TWICE, Kang Daniel, Sunmi, Baekhyun, Tomorrow X Together e mais entraram na nossa lista

Caio Coletti
17.12.2021
15h00
Atualizada em
24.12.2021
11h11
Atualizada em 24.12.2021 às 11h11

Difícil negar que 2021 foi o ano no qual o Ocidente abriu as portas do mainstream para o entretenimento sul-coreano, embora não sem suscitar discursos racistas e xenofóbicos previsíveis (e lamentáveis). Mas esse é um processo nosso, e não deles - não é como se os artistas asiáticos tivessem se esforçado para nos conquistar, e nem deveriam!

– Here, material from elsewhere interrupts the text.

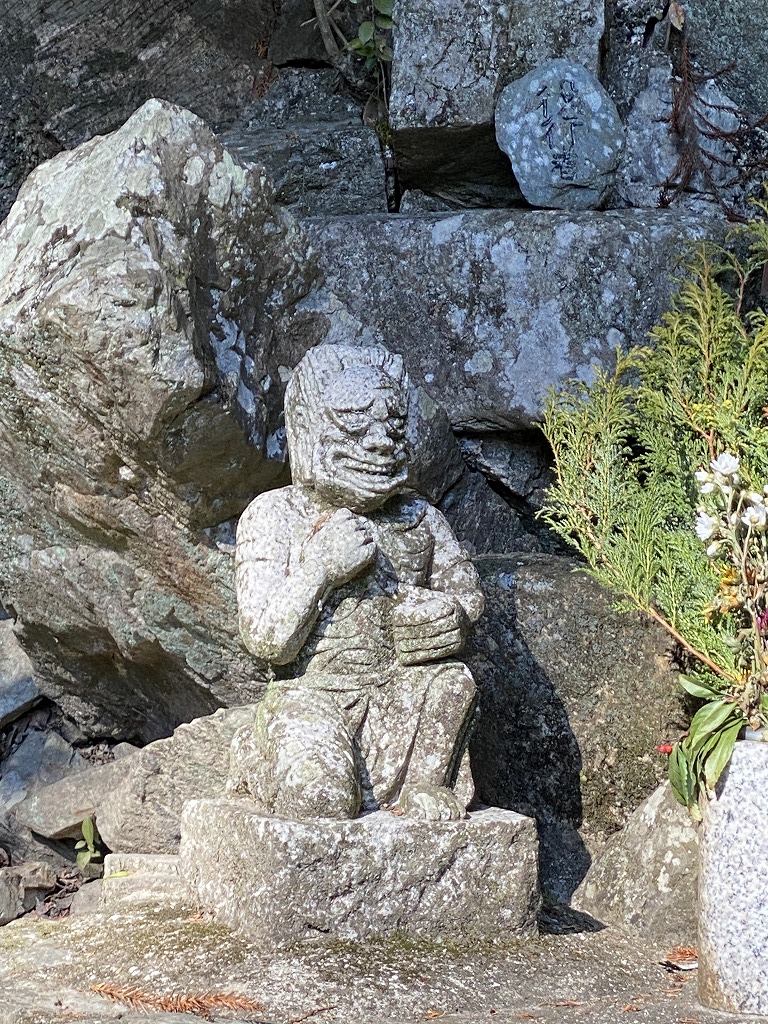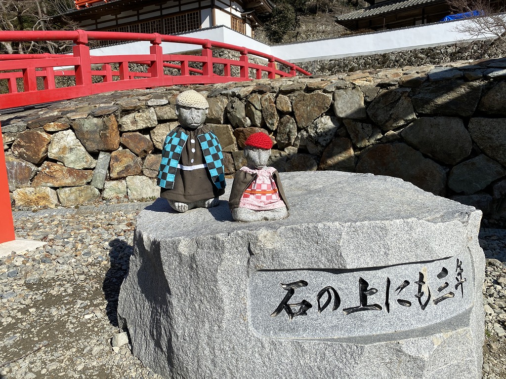 箕面駅から滝までの真ん中辺りにある「瀧安寺」。石の猿が鬼滅のはっぴを着てました。

Em muitos sentidos, a indústria musical coreana, por exemplo, seguiu fazendo o que sempre fez: música pop vertiginosamente diversa, desavergonhadamente grudenta e kitsch, mais conectada ao espírito do que é fazer pop do que boa parte do que é produzido deste lado do mundo - enfim, aquilo que se convencionou chamar de k-pop.

Abaixo, reunimos nossos k-pops favoritos de 2021. Um guia de qualidade para quem quiser mergulhar nisso, e uma listinha de imperdíveis para quem já se liga nesse universo:

15. TWICE - Taste of Love

É muito mais difícil fazer um bom álbum apaixonado do que um bom álbum de coração partido. As meninas do TWICE, no entanto, são mestres em transmitir sensações através de alquimia pop (tanto que essa não é a única aparição delas nessa lista…) - e Taste of Love prova que, com o amor, não é diferente. 

Do single “Alcohol-Free”, todo fundado em referências de bossa nova e samba, passando pelo quase-soul/gospel de “First Time” (escrita por Jihyo), pela house music anos 90 de “Scandal” (Dahyun) e pela disco deliciosa de “Baby Blue Love” (Nayeon), elas exploram a leveza, o calor e a sensualidade do sentimento mais fugidio e embriagante da vida com expertise pop irrepreensível.

Ouça o disco completo.

14. Jeon Soyeon - Windy

A líder e compositora do (G)I-dle fez sua estreia solo com um pacote compacto de 15 minutos de rap pop de excelente qualidade. Em cinco faixas, o Windy passeia de forma confiante por vários sabores de hip hop, se aproximando por vezes do rock (no single “BEAM BEAM”) e por vezes do R&B eletrônico (em “Quit”), até finalmente desaguar na divertidíssima “Is this bad b****** number?”, parceria de Soyeon com as rappers Lee Young Ji e BIBI (que também quase entrou nessa lista com o seu Life is a Bi…).

Com ritmos excêntricos e muita personalidade, essas são músicas que não estariam fora do seu ambiente em um disco de Eminem, e nem em um disco de Gwen Stefani. Para entender como ela faz esse equilibrismo curioso, só apertando o play. 

Ouça o disco completo.

13. Brave Girls - Summer Queen

A história de sucesso incomum das Brave Girls não é a única coisa extraordinária sobre elas. O grupo labutou por quase 10 anos em relativa obscuridade e estava prestes a se separar quando “Rollin’”, canção originalmente lançada em 2017, virou um hit inesperado no TikTok sul-coreano e as transformou em um dos atos musicais mais populares do país.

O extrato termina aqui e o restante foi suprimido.